Fig.6 Application of Cas13b and Cas13d in vivo. (A) The scheme describes
the cross strategy of Cas13-Luciferase knock-down mice and luciferase
expressing transgenic mice. (B) Luciferase RNA expression of mouse
liver. The results are presented as mean ± SD. Data are analyzed by
unpaired Student’s t-test *P < 0.05, **P < 0.01,
***P < 0.001, ****P < 0.0001. (C-D) Luciferase
images of male (B) and female (C) dTg (offspring of Cas13b-Luc gRNA KI
mating with Luciferase mouse) (n=5). (E) The scheme describes the
process of mcherry knock-down in mouse liver. (F-G) The mcherry RNA
expression in mouse liver. The results are presented as mean ± SD. Data
are analyzed by one-way ANOVA. ****P < 0.0001. (H)

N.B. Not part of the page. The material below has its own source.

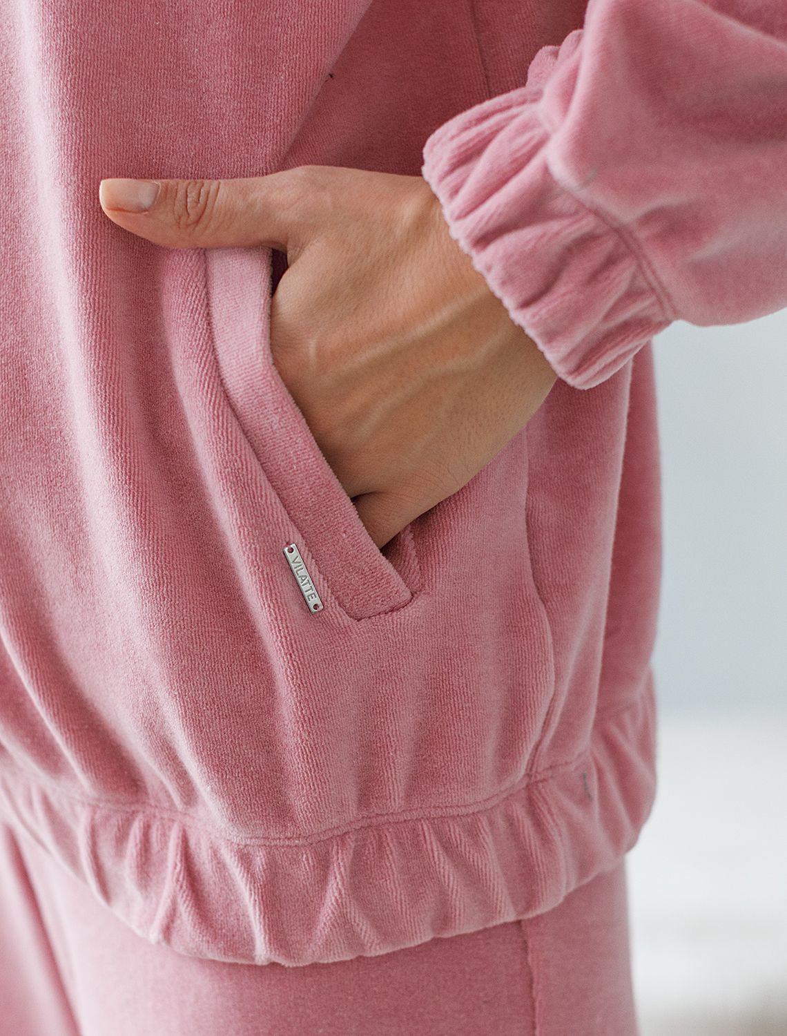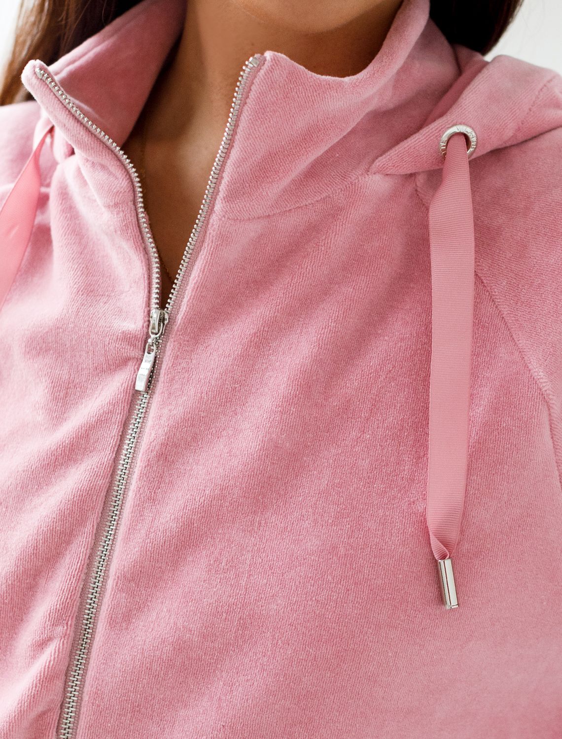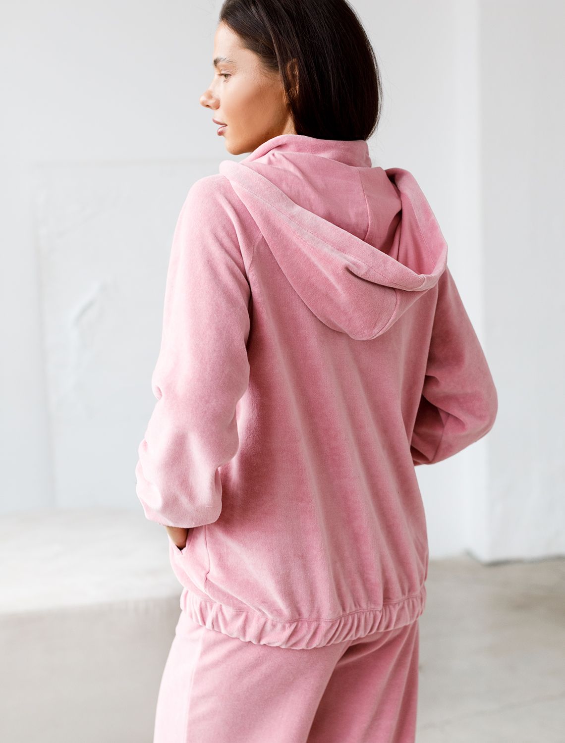 Худи на двухсторонней молнии выполнено из бархатистого велюра. Модель дополнена резинкой по низу и боковыми карманами. Легкий и мягкий материал с матовой фактурой придает изделию нежность и комфорт. Хорошо держит тепло и форму – идеальное решение для домашнего отдыха. Сочетается в костюме с брюками D44.117 пепельная роза

Representative flow cytometry profiles and quantification of the
frequencies of mcherry positive cell population. (I) The results of
immunohistochemistry represent the expression of mcherry protein in
mouse liver (n=5). (J) The scheme describes the process of generation of
acute hepatic failure model and the gene knock-down strategy of
CRISPR/Cas13. (K) Hematoxylin-eosin staining results of mouse liver at
24 hours after injecting D-GalN/LPS (n=5), living or dead indicated the
animal state at the sampling time point. (L-M) NF-kB andTNFa RNA expression in mouse liver. The results are presented as
mean ± SD. Data are analyzed by one-way ANOVA. ****P < 0.0001.